The current Bitcoin bull market presents a perplexing scenario. Historically, the year following a halving event ignites parabolic price surges and periods of widespread euphoria. Yet, despite institutional demand reaching unprecedented levels, Bitcoin’s performance feels different this time around. Its price has resisted the explosive growth seen in previous cycles. This phenomenon, explored in the video above, has experts scrambling for explanations. What truly drives the price of Bitcoin, and why is this bull market behaving so unexpectedly?
The OG Whale Dumping Theory: Are Early Bitcoin Holders Selling Out?
One prominent theory circulating suggests that early Bitcoin holders, often referred to as “OG whales,” are finally cashing out. These are individuals who acquired Bitcoin in its nascent stages, before 2018, and have held onto their assets for over seven years. Their recent activity, as discussed in the accompanying video, raises questions about its potential impact on the broader crypto market.

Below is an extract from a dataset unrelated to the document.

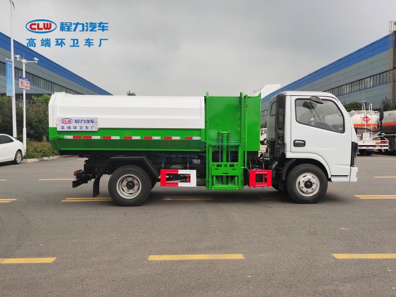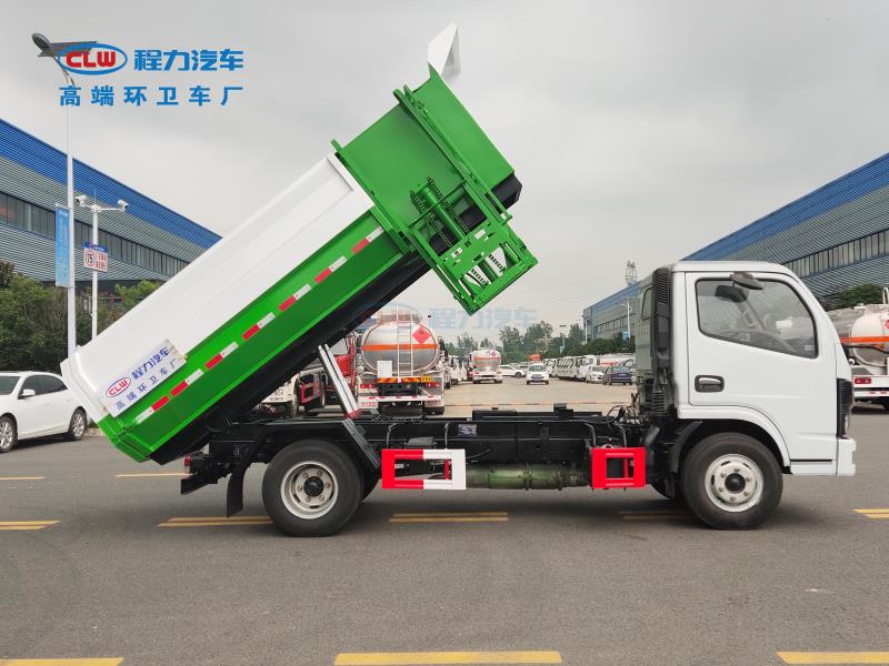 自裝卸式垃圾車(chē),也稱(chēng)掛桶垃圾車(chē),由密封式垃圾廂、液壓系統(tǒng)、操作系統(tǒng)組成。舉升油缸(2支),垃圾廂可自吊上下,上下一次循環(huán)工作時(shí)間≤50S.

Initial Speculation from On-Chain Data
Charles Edwards, co-founder of Capriole Investments, ignited this discussion on social media platforms. His analysis highlighted significant on-chain activity from these long-dormant wallets. He pointed to charts that visibly showed “super whales” moving substantial amounts of Bitcoin, with distinct lines indicating both $100 million and even $500 million transactions from these early holders throughout 2025. This visual representation suggested a broad cashing out trend by early Bitcoin adopters.
Chris Kuiper, Vice President of Research at Fidelity Digital Assets, echoed similar concerns. He observed what he termed a “slow bleed” rather than a sudden, panic-driven dump. This observation was based on the metric of “percent of coins active 1 year or more.” While this metric typically plunges dramatically during past bull markets as long-term holders sell into strength, this current cycle shows only a gentle, consistent decline. This indicates a gradual distribution of Bitcoin by patient holders, rather than an abrupt market exit.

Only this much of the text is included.